Source data:
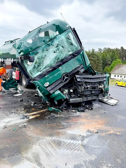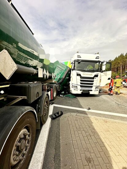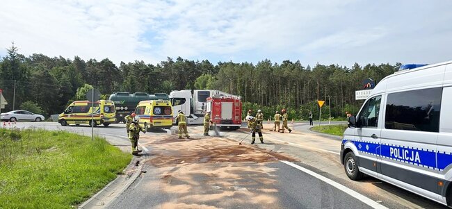 Zderzenie dwóch ciężarówek. Utrudnienia na krajowej dziesiątce
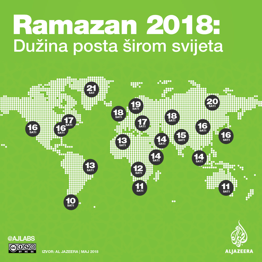 Ramazan 2018: Koliko poste muslimani širom svijeta – Posljednjih nekoliko godina ramazan je u proljetnim i ljetnim mjesecima, što znači duge i tople dane posta na sjevernoj hemisferi.
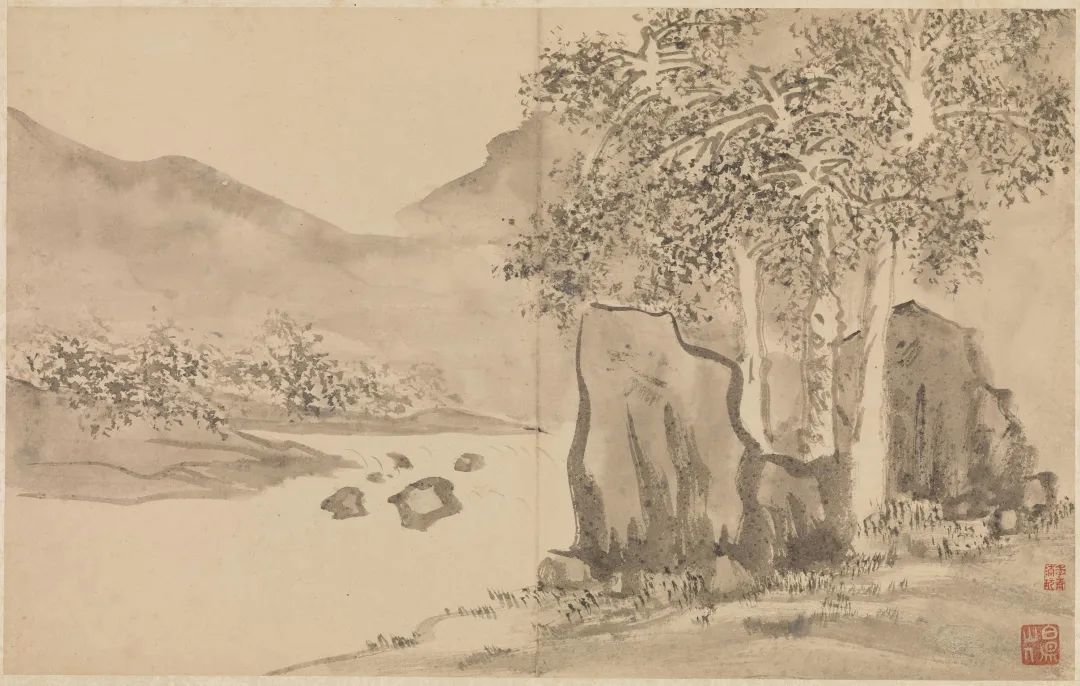 明 陈淳 山水册 乔木秋阴
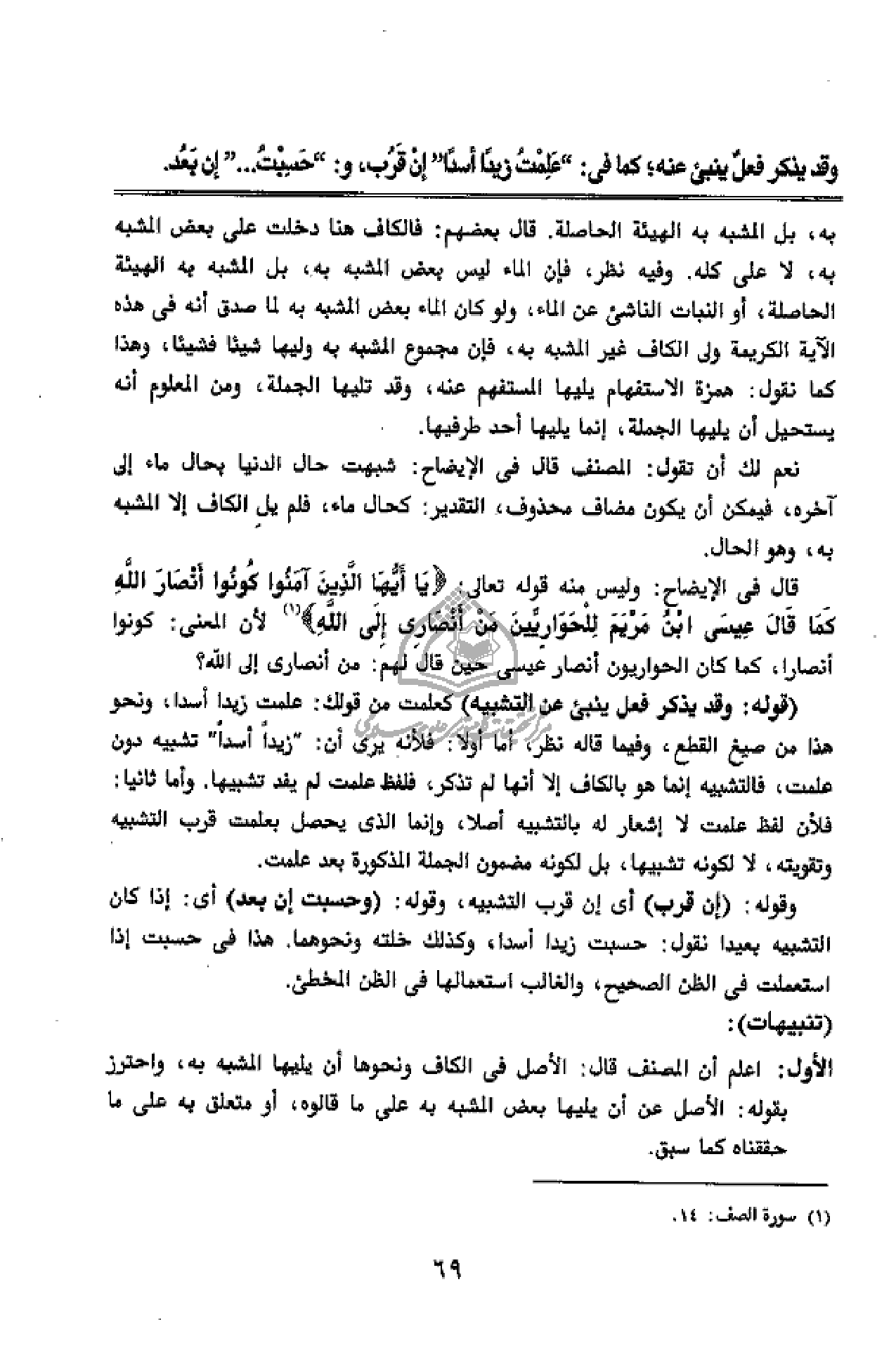 قال فى الإيضاح: وليس منه قوله تعالى: يا أَيُّهَا الَّذِينَ آمَنُوا كُونُوا أَنْصارَ اللَّهِ كَما قالَ عِيسَى ابْنُ مَرْيَمَ لِلْحَوارِيِّينَ مَنْ أَنْصارِي إِلَى اللَّهِ (¬1) لأن المعنى: كونوا أنصارا، كما كان الحواريون أنصار عيسى حين قال لهم: من أنصارى إلى الله؟
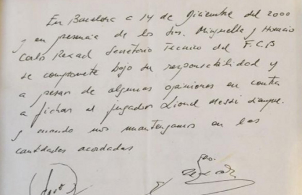 这张著名的纸巾合同上写道:“在巴塞罗那,2000年12月14日,在明格拉和霍拉西奥先生在场的情况下,技术秘书卡洛斯-雷克扎克承担了他的责任,尽管我们对梅西的签约存在一些分歧,但我们保持了约定的承诺。”
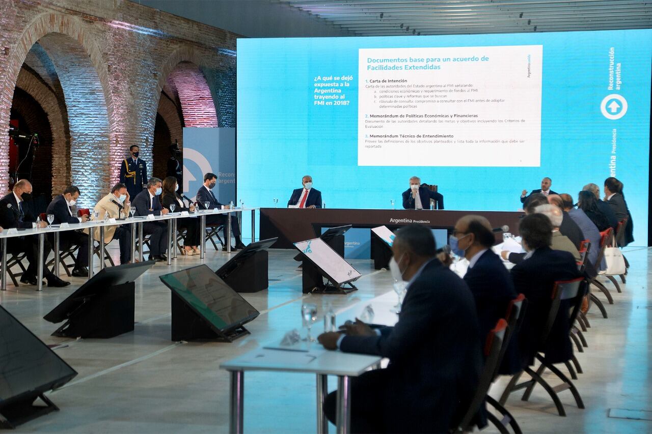 El Presidente pidió unir esfuerzos para negociar con el FMI y aseguró que "la palabra ajuste está desterrada en la discusión". El ministro de Economía informó que existen diferencias con algunos miembros del organismo sobre el "sendero fiscal". Larreta fue el único mandatario que no asistió ni envió a un representante.
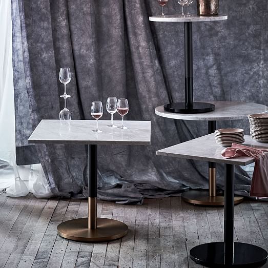 Designed for cafes and restaurants, this scratch-resistant marble table carves out a dining nook just right for parties of two. Each table base is smartly equipped with adjustable glides that adapt to varying floor levels—making the dreaded table-wobble a thing of the past. Use them in multiples to create more dining space that can be separated later.
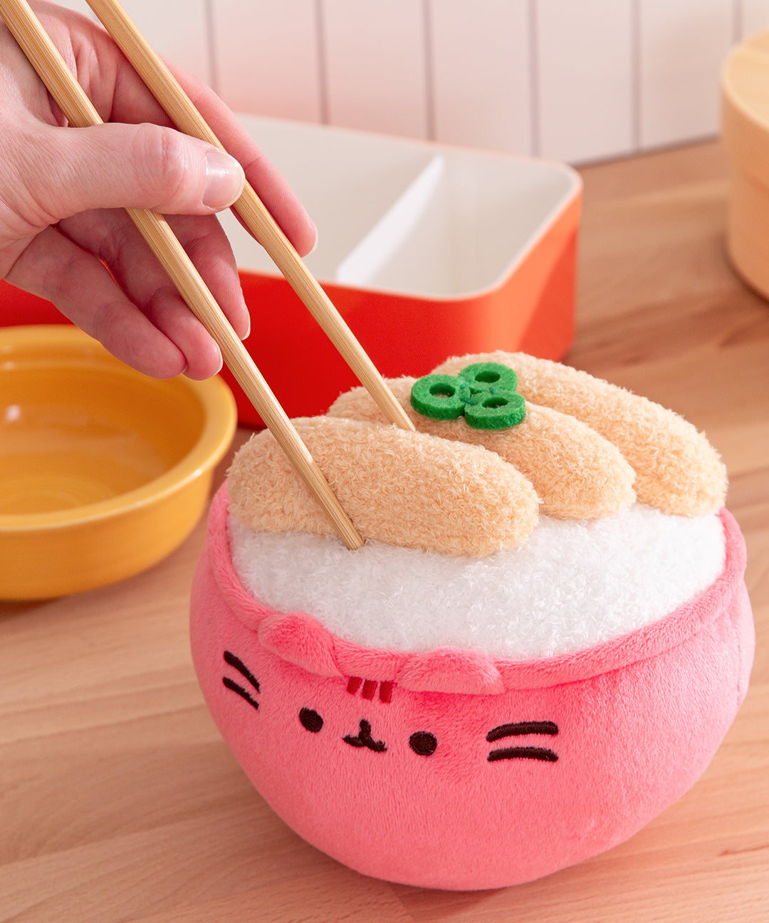 Indulge in a tasty snack as Pusheen transforms into one of her favorite Asian delicacies! This adorable 6” plush shows Pusheen as a squishy, hearty rice tempura bowl. Pusheen’s adorable face appears on the side of the pink bowl, which boasts soft plush and just the right amount of stuffing for a bit of squish. Inside the bowl is an adorable meal of white rice topped with tempura and scallions. Its huggable, fun design makes this cute plush toy the right size for cuddling and a must-have for any foodie’s collection!

How to complete this task: Your copy should hold each line above exactly and no pictures at all.

Output of the exercise:
 Zderzenie dwóch ciężarówek. Utrudnienia na krajowej dziesiątce
 Ramazan 2018: Koliko poste muslimani širom svijeta – Posljednjih nekoliko godina ramazan je u proljetnim i ljetnim mjesecima, što znači duge i tople dane posta na sjevernoj hemisferi.
 明 陈淳 山水册 乔木秋阴
 قال فى الإيضاح: وليس منه قوله تعالى: يا أَيُّهَا الَّذِينَ آمَنُوا كُونُوا أَنْصارَ اللَّهِ كَما قالَ عِيسَى ابْنُ مَرْيَمَ لِلْحَوارِيِّينَ مَنْ أَنْصارِي إِلَى اللَّهِ (¬1) لأن المعنى: كونوا أنصارا، كما كان الحواريون أنصار عيسى حين قال لهم: من أنصارى إلى الله؟
 这张著名的纸巾合同上写道:“在巴塞罗那,2000年12月14日,在明格拉和霍拉西奥先生在场的情况下,技术秘书卡洛斯-雷克扎克承担了他的责任,尽管我们对梅西的签约存在一些分歧,但我们保持了约定的承诺。”
 El Presidente pidió unir esfuerzos para negociar con el FMI y aseguró que "la palabra ajuste está desterrada en la discusión". El ministro de Economía informó que existen diferencias con algunos miembros del organismo sobre el "sendero fiscal". Larreta fue el único mandatario que no asistió ni envió a un representante.
 Designed for cafes and restaurants, this scratch-resistant marble table carves out a dining nook just right for parties of two. Each table base is smartly equipped with adjustable glides that adapt to varying floor levels—making the dreaded table-wobble a thing of the past. Use them in multiples to create more dining space that can be separated later.
 Indulge in a tasty snack as Pusheen transforms into one of her favorite Asian delicacies! This adorable 6” plush shows Pusheen as a squishy, hearty rice tempura bowl. Pusheen’s adorable face appears on the side of the pink bowl, which boasts soft plush and just the right amount of stuffing for a bit of squish. Inside the bowl is an adorable meal of white rice topped with tempura and scallions. Its huggable, fun design makes this cute plush toy the right size for cuddling and a must-have for any foodie’s collection!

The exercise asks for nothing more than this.